(EXERCISE BRIEF)
Each entry should be set down exactly as written, except for any picture it holds.

(SUPPLIED DATA)
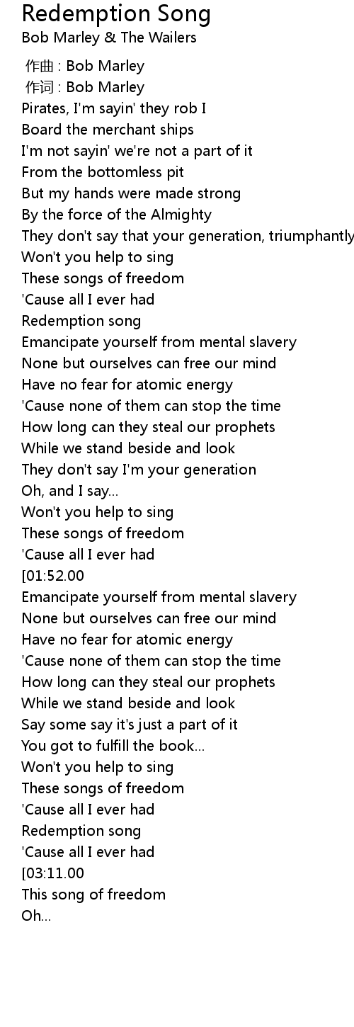 | [03:15.00][03:11.00] | Redemption song (2x) |
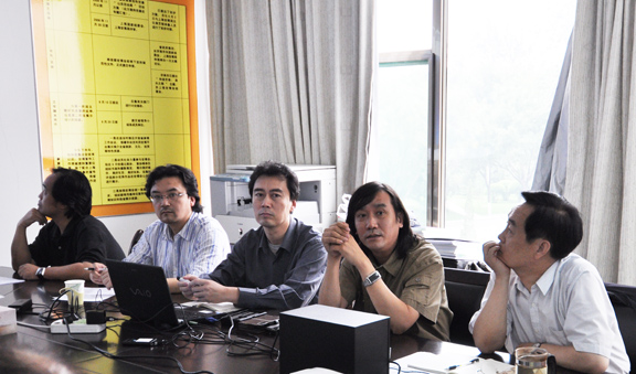 304am永利集团官网院长助理苗登宇,省世博会创作团队展示设计组组长郭去尘、副组长韩文涛,科研处副处长、策划咨询组组长孙磊,设计组王延羽、李海涛、宋鲁、林宇峰、沙重龙等也一起听取了项目方案汇报。
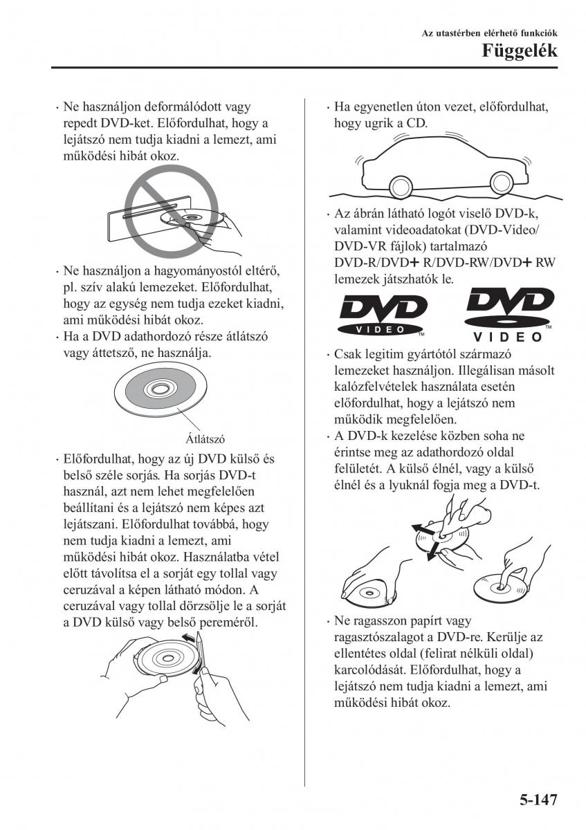 Átlátszó •A DVD-k kezelése közben soha ne
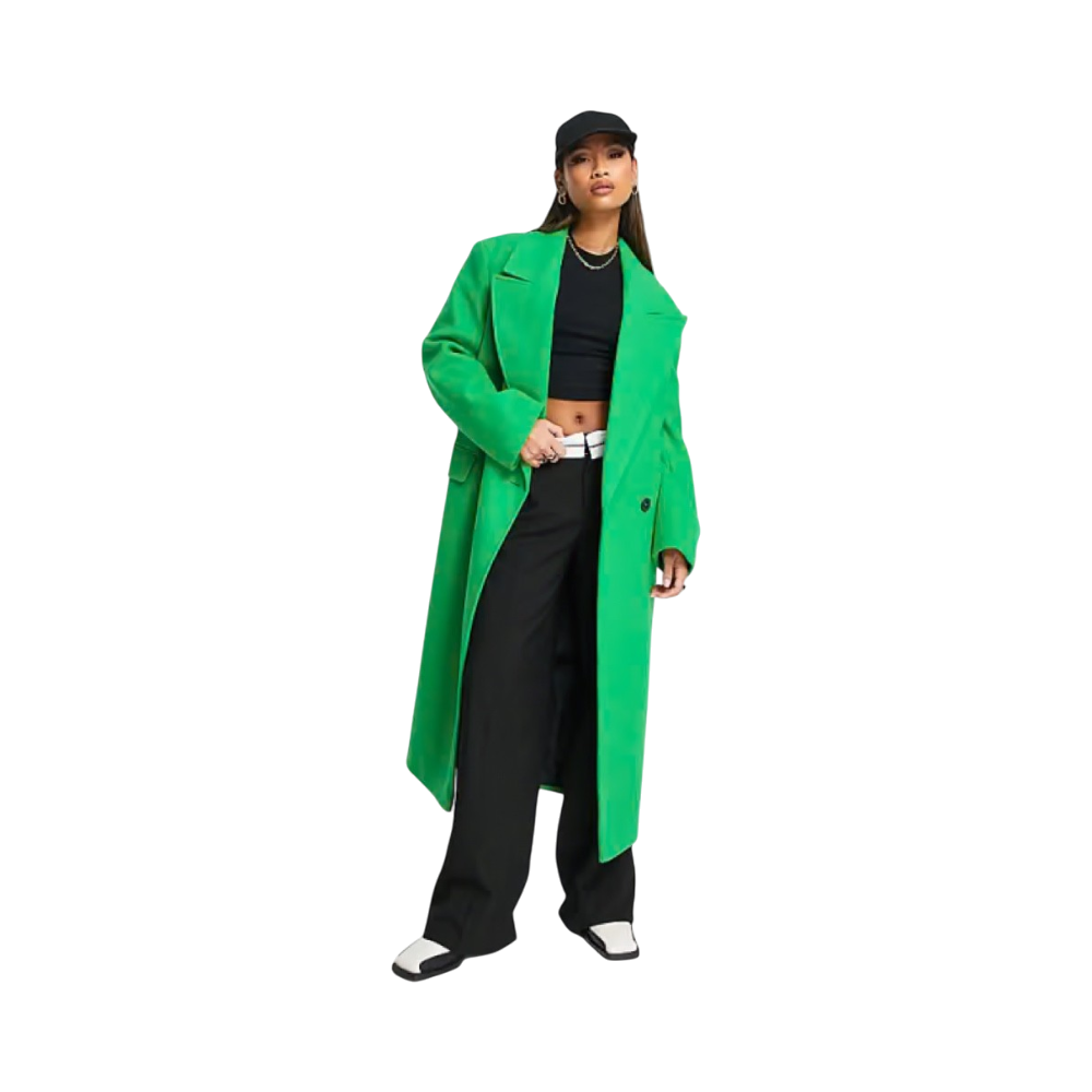 Vihreä pitkä villakangastakki
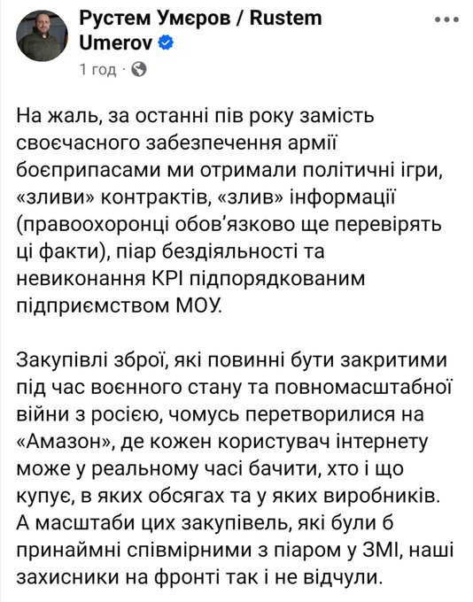 Але я пропоную піти далі - нехай Умєров, одноосібно призначить сам себе одночасно своїм заступником (усіма насправді), керівником ДОТу, АОЗу, прем'єр-міністром, міністром фінансів та головою Нацбанку. Задля турботи про ЗСУ звісно.
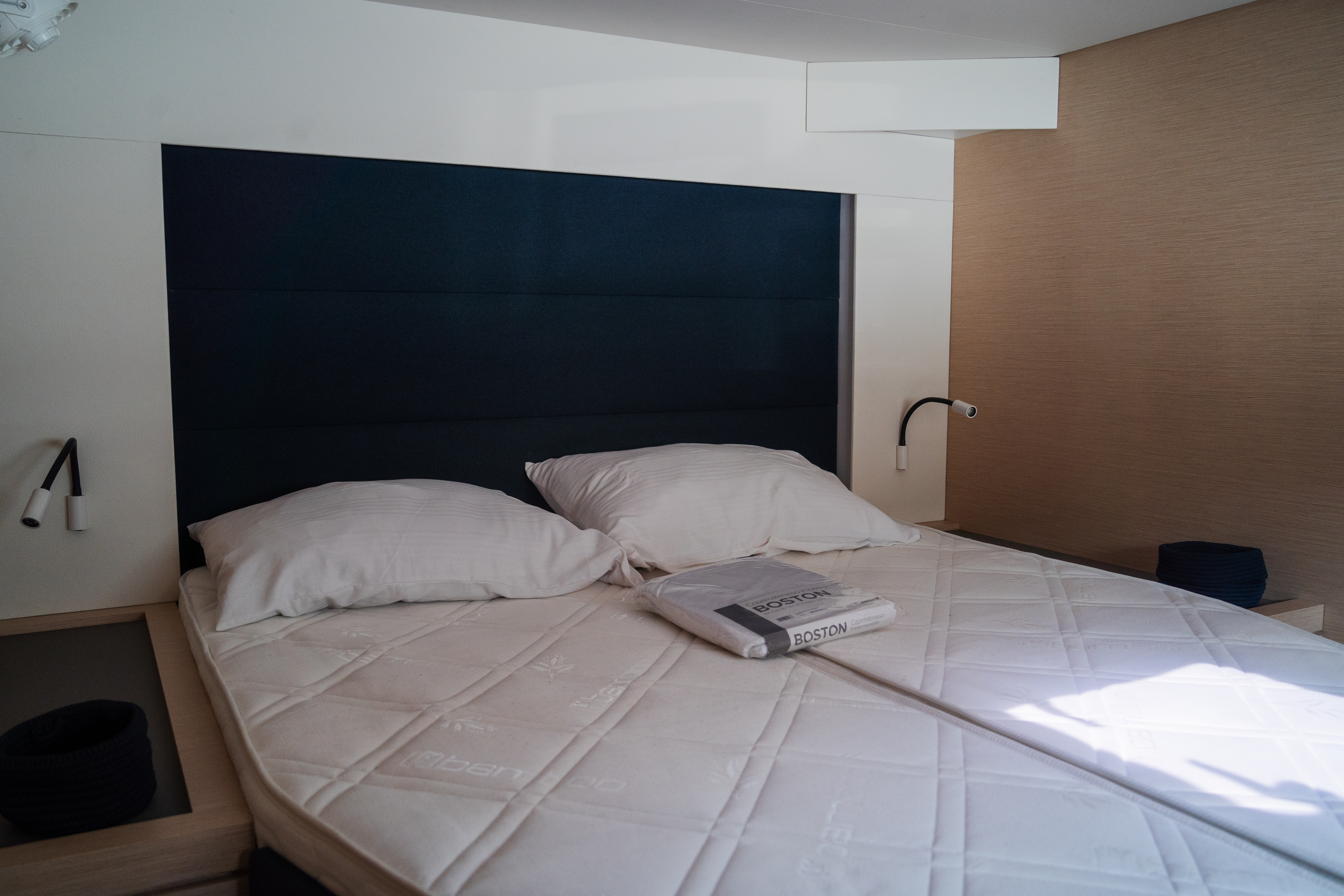 Lazy BagRanda steccataGenoa avvolgibileSolcometroRadio/CDAltoparlanti in pozzettoAir Cond. CLIM.220V 50HZ 6800 BTU QUINTET in all cabinsRiscaldamentoAcqua caldaBiminiSalpa ancora elettricoFrigoriferoCongelatoreGenerator Panda 16000 KWPannello solareDinghy 3.40 mtEstintoreAncoraKit di primo soccorsoSalvagenteZattera di salvataggioCuscini e coperteTachimetroStazione VentoRadio Cass/Radio/CD Player with Speakers in Saloon & CockpitSpray hoodAncora di rispettoCarte nautiche e guidaGiubbotto di salvataggioNespresso 220v coffee machine32" Flat screenElectric Wc in all cabinsCockpit RefrigeratorWinch elettricoWind stationTavolo in pozzettoStereo + 4 speakersFornoVHF (Int/Ext)AIS (Int/Ext)CaricabatterieElectric supply: 220-12 voltStern fendersBow cushionsGas BBQElectric multi-function tableCuscini in pozzettoGangway Classic in woodInverter 2000WElectric Winch for TenderRadarPilota automaticoSpare Batteries AGM 150A supplWatermaker OSMOSEA 100 lt/hFans 12V in all cabinsGarmin GPS 7410 2* Multi GMI20 (int/ext)
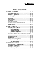 Table Of Contents BEFORE STARTED . . . . . . . . . . . . . . . . . . . . . . . 1 CONGRATULATION . . . . . . . . . . . . . . . . . . . . . .1 PRODUCT BRIEFING . . . . . . . . . . . . . . . . . . . . . 1 Descriptions . . . . . . . . . . . . . . . . . . . . . . . . . . 1 Features . . . . . . . . . . . . . . . . . . . . . . . . . . . . .1 MODELS . . . . . . . . . . . . . . . . . . . . . . . . . . . . . . . . .1 UNPACKING . . . . . . . . . . . . . . . . . . . . . . . . . . . . . 1 OPTIONS . . . . . . . . . . . .
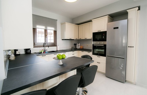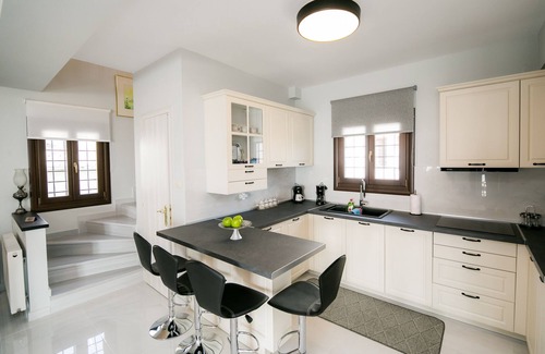 The dining area offers table seating for 6 with additional seats at the kitchen counter. The house floors are paved with marble or wood like ceramic tiles and in the interior high-end comfortable and family friendly furniture and decor have been placed. A complete kitchen is provided with all the cooking utensils.
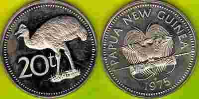 PAPUA NEW GUINEA 20 Toea 1975 r. Proof.
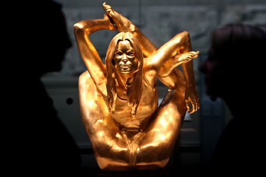 Acesta nu este singurul tribut – ce-i drept, ciudat – pe care lumea artei i l-a adus celebrului top model Kate Moss. Anul trecut, British Museum din Londra a expus o statuie din aur masiv, realizată de Marc Quinn, care o reprezintă pe aceasta. Lucrarea cântărea 50 de kilograme şi era estimată la 1,5 milioane de lire sterline.
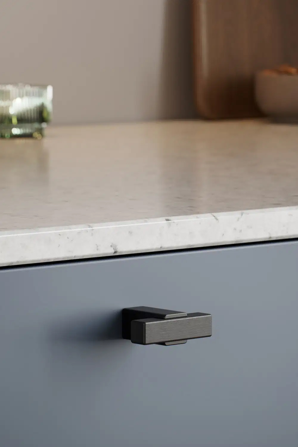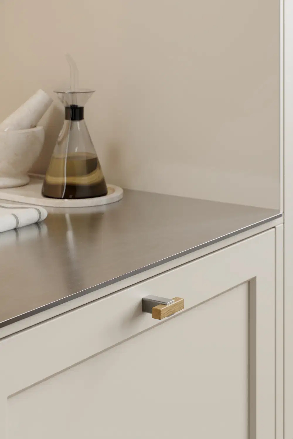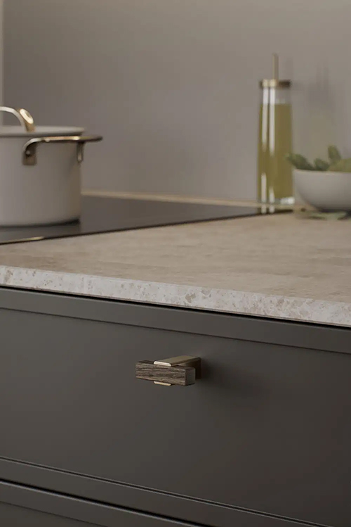 Segment skaber et segmenteret udtryk, hvor et materialeskift fremhæver grebet og giver den trædelte del en næsten ophøjet tilstedeværelse. Dette greb udtrykker styrke og elegance gennem sine støbte beslag, hvilket giver et fint og raffineret greb med en let reference til industriel design.
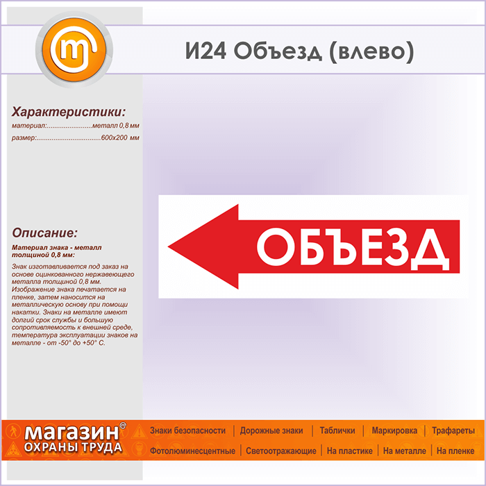 Знак «Объезд (влево)», И24 (металл, 600х200 мм) в Рыбинске купить

(RESPONSE TO THIS EXERCISE)
 | [03:15.00][03:11.00] | Redemption song (2x) |
 304am永利集团官网院长助理苗登宇,省世博会创作团队展示设计组组长郭去尘、副组长韩文涛,科研处副处长、策划咨询组组长孙磊,设计组王延羽、李海涛、宋鲁、林宇峰、沙重龙等也一起听取了项目方案汇报。
 Átlátszó •A DVD-k kezelése közben soha ne
 Vihreä pitkä villakangastakki
 Але я пропоную піти далі - нехай Умєров, одноосібно призначить сам себе одночасно своїм заступником (усіма насправді), керівником ДОТу, АОЗу, прем'єр-міністром, міністром фінансів та головою Нацбанку. Задля турботи про ЗСУ звісно.
 Lazy BagRanda steccataGenoa avvolgibileSolcometroRadio/CDAltoparlanti in pozzettoAir Cond. CLIM.220V 50HZ 6800 BTU QUINTET in all cabinsRiscaldamentoAcqua caldaBiminiSalpa ancora elettricoFrigoriferoCongelatoreGenerator Panda 16000 KWPannello solareDinghy 3.40 mtEstintoreAncoraKit di primo soccorsoSalvagenteZattera di salvataggioCuscini e coperteTachimetroStazione VentoRadio Cass/Radio/CD Player with Speakers in Saloon & CockpitSpray hoodAncora di rispettoCarte nautiche e guidaGiubbotto di salvataggioNespresso 220v coffee machine32" Flat screenElectric Wc in all cabinsCockpit RefrigeratorWinch elettricoWind stationTavolo in pozzettoStereo + 4 speakersFornoVHF (Int/Ext)AIS (Int/Ext)CaricabatterieElectric supply: 220-12 voltStern fendersBow cushionsGas BBQElectric multi-function tableCuscini in pozzettoGangway Classic in woodInverter 2000WElectric Winch for TenderRadarPilota automaticoSpare Batteries AGM 150A supplWatermaker OSMOSEA 100 lt/hFans 12V in all cabinsGarmin GPS 7410 2* Multi GMI20 (int/ext)
 Table Of Contents BEFORE STARTED . . . . . . . . . . . . . . . . . . . . . . . 1 CONGRATULATION . . . . . . . . . . . . . . . . . . . . . .1 PRODUCT BRIEFING . . . . . . . . . . . . . . . . . . . . . 1 Descriptions . . . . . . . . . . . . . . . . . . . . . . . . . . 1 Features . . . . . . . . . . . . . . . . . . . . . . . . . . . . .1 MODELS . . . . . . . . . . . . . . . . . . . . . . . . . . . . . . . . .1 UNPACKING . . . . . . . . . . . . . . . . . . . . . . . . . . . . . 1 OPTIONS . . . . . . . . . . . .
 The dining area offers table seating for 6 with additional seats at the kitchen counter. The house floors are paved with marble or wood like ceramic tiles and in the interior high-end comfortable and family friendly furniture and decor have been placed. A complete kitchen is provided with all the cooking utensils.
 PAPUA NEW GUINEA 20 Toea 1975 r. Proof.
 Acesta nu este singurul tribut – ce-i drept, ciudat – pe care lumea artei i l-a adus celebrului top model Kate Moss. Anul trecut, British Museum din Londra a expus o statuie din aur masiv, realizată de Marc Quinn, care o reprezintă pe aceasta. Lucrarea cântărea 50 de kilograme şi era estimată la 1,5 milioane de lire sterline.
 Segment skaber et segmenteret udtryk, hvor et materialeskift fremhæver grebet og giver den trædelte del en næsten ophøjet tilstedeværelse. Dette greb udtrykker styrke og elegance gennem sine støbte beslag, hvilket giver et fint og raffineret greb med en let reference til industriel design.
 Знак «Объезд (влево)», И24 (металл, 600х200 мм) в Рыбинске купить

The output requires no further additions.